# Timmy vs. Red Snapper. This is hard.



## traynor_garnet (Feb 22, 2006)

I love my Timmy, have used it for years, and it has beat everything else I have used for low gain, transparent overdrive (Klon, BD2, Barber LTD, Pork Loin, Dano TOD V1). The _only _thing I don’t like about the Timmy is that it has side mounted jacks since it makes for a messy board with cabling issues (all my fuzz and dirt pedals are top loaded). For this reason, I recently purchased a used Menatone Red Snapper since it has top loaded jacks and a good rep as a low gain pedal.

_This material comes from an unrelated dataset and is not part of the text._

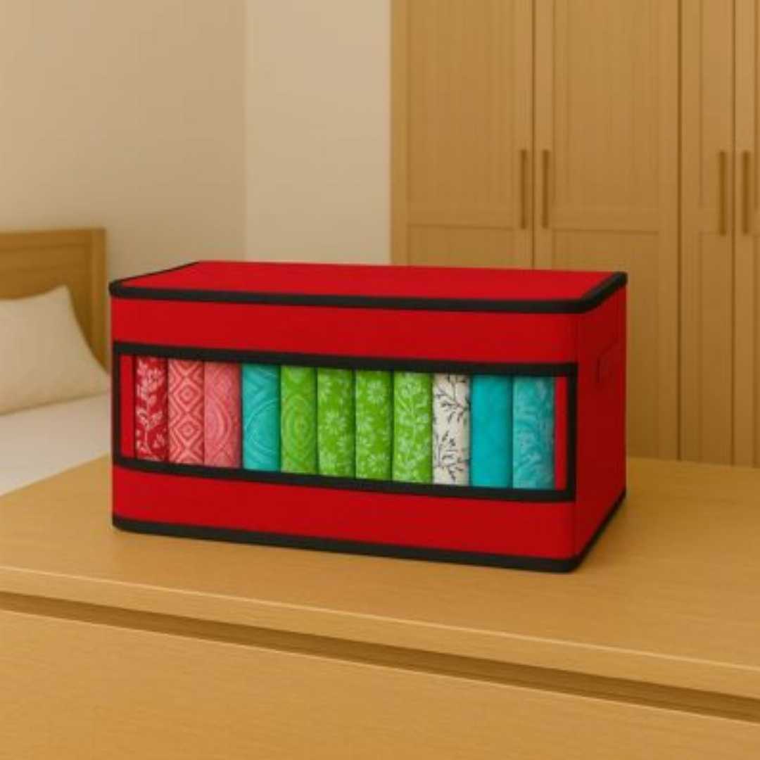 Declutter your wardrobe and organize your clothes effortlessly with our Printed Transparent Cloth Organizer Box â the perfect blend of fashion and function. Crafted with premium printed fabric and a sturdy build, this organizer not only saves space but also adds a modern touch to your storage solution.

I’ve been a/bing the pedals back and forth and it is really close. Here is how I would some it up:

Timmy (V2, toggle switch in the middle):
More like a smaller tube rectified amp but with a strong low end. The best pedal I have ever heard for maintaining your bass _without _producing muddy dirt. ZERO “fizz” as the note decays. Amazing. The only knock is that the top end can get _a bit_ “splatty” but I am _really _being stupidly picky here (I only noticed this once I compared it to the Snapper). Sound like my amps cranked. The best “stacking” pedal I have ever heard. It makes every fuzz and dirt pedal sound better when playing at low volumes. In fact, it sounds just like running your fuzz and dirt into my amp when they are cranked up.

Red Snapper (4 knob version with top loaded jacks):
Tighter dirt, “different” mids than the Timmy, zero “splat” on the high end. Basically no “fizz” as the note decays (except at ridiculously low volume levels). Great transparency, sounds like my amp cranked up. The only knock is that the low end changes once you kick the pedal in; it doesn’t sound bad, there is no obvious “he turned on a pedal” moment, but it doesn’t have the strong, piano like bass strength of the Timmy. A very good stacker, but not quite the Timmy’s equal here.

Verdict: Too close to call. I am still giving the Timmy a slight advantage on _my amp _but with other amps it could easily be a slight edge to the Snapper. I need to spend a bit more time with them, but the Snapper is the real deal and I look forward to playing it more.

Second Verdict: Paul C should make a Timmy “EQ” pedal. Seriously, why does this pedal make every pedal sound _and respond _like it is running into a cranked up amp? Even if you don’t use the Timmy’s gain, just having the pedal on seems to setup the same “sound stage” you get with cranked amps. I am going to run the Snapper into the Timmy and see if the strong low end comes through.

TG


----------